#harvest - read misalignment buckets

1 messages · Page 1 of 1 (latest)

vital rapids
#

So I'm digging into a pretty annoying issue with our VMware team, in doing this I've stumbled onto a few metrics in the LUN tab of harvest.

I've been doing Ontap since 7.2, I recall the hell of lun misalignment.
But is this chart in harvest reporting what I think it is?

If so, I presume any presence of luns in this is no-buneo like yesteryear.

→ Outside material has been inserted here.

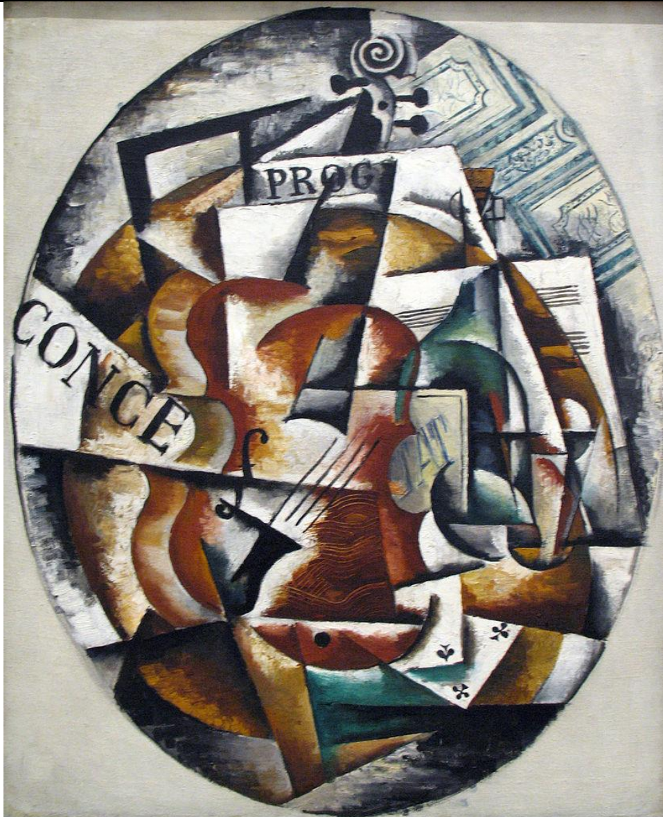
Liubov Popova, "Violí", 1915

I've got some luns reporting a max of 100+, and a mean of 94.8.

verbal rain
#

Not really a problem anymore because most filesystems are 4096 byte aligned. The only time it isn't is VMware snapshots are 512 byte aligned even in 2024 that I've seen.

#

Or you've got a lot of partial block reads..

vital rapids
#

Yeah we've got an issue that I'm trying to pin down regarding host(s) in VMWare once a week reporting All Paths Down for a device or two for a few seconds before ... recovering... for seemingly no reason.

It felt like a flashback to 2010 with iSCSI and block misalignment so I went digging, from the CLI, the worst I'm finding is I've got a few devices on my end that from the CLI are in the 70's for write alignment and 80's for reads.

karmic garden
#

I don't think misalignment can cause APD though...?

vital rapids
#

You didn't live through iscsi initiator resets in VMWARE 5

#

It absolutely could then. Today, probably not

karmic garden
#

misalignment doesn't cause iscsi resets

#

misalignment only means that the 4k blocks of the LUN/VMDK are not 1:1 aligned to the 4k blocks of WAFL that they reside on. So they cause extra read and/or write IO load on the system. They don't have anything to do with the SCSI protocol (be it fcp, iscsi or vmware's virtual scsi) at all

verbal rain
#

I assume you have a case open Jesse? If it's not perf, it's probably networking/packet loss.

vital rapids
#

Letting them reach conclusion before I open the can of worms with support yet.

verbal rain
#

Oh. Yeah if drivers are resetting that's not storage.

vital rapids
# verbal rain Oh. Yeah if drivers are resetting that's not storage.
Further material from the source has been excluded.